We are who we say we are, but what we say is more than just words, our actions and words make up what we say. Let's take a deep dive into negative self-talk. This is the reason we verbally assault others because we don’t feel good about ourselves.
What is negative self-talk?
I asked Google the same question and here is some of what I found.
self-talk. noun. 1. the act or practice of talking to oneself, either aloud or silently and mentally: positive self-talk.
Self-talk | Define Self-talk at Dictionary.com
www.dictionary.com/browse/self-talk
4 Ways to Stop Beating Yourself Up, Once and For All | Psychology ...
Mar 18, 2016 -
Negative self-talk can seriously damage your self-esteem and impair your quality of life. Learn how to free yourself from the inner critic. Here is an excerpt from that article.
If you are like most people, you know your inner critic all too well.

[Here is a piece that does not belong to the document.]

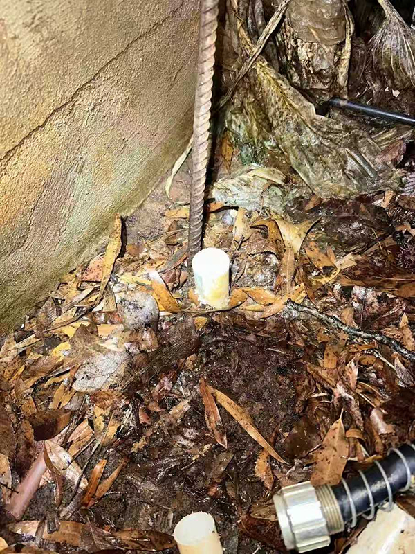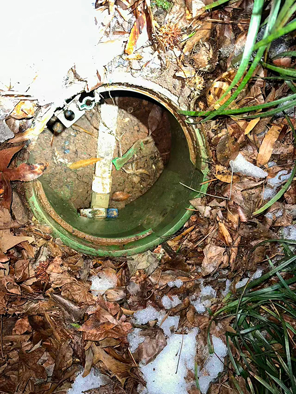 We received an emergency call reporting water flooding the front yard. Upon arrival, we found that the customer’s outdoor garden irrigation faucet PVC pipe had frozen and burst. Once the ice thawed, water started flowing everywhere.

It is the voice in your head that judges you, doubt you, belittles you, and constantly tells you that you are not good enough. It says negative hurtful things to you—things that you would never even dream of saying to anyone else. I am such an idiot; I am a phony; I never do anything right; I will never succeed. Here are the 4 steps according to the article
1. Notice the critic. To gain control over your inner critic you have to first be aware of it. During every conscious moment, we have an inner dialogue with ourselves. Much of our thinking is so automatic and happening so rapidly that we barely notice it before we move on to the next thought.
2. Separate the critic from you. The inner critic doesn’t want you to notice it. It thrives best when you mistake it for being part of your authentic self. However, you weren’t born with an inner critic. The critic is a voice that you have internalized based on outside influences and learning, such as other people’s criticism, expectations, or standards.
3. Talkback. Talking back to your inner critic is an important part of taking away its power. Simply telling the critic you don’t want to hear what it has to say begins to give you a sense of choice in the matter. When you hear the inner critic start to speak, tell it to go away.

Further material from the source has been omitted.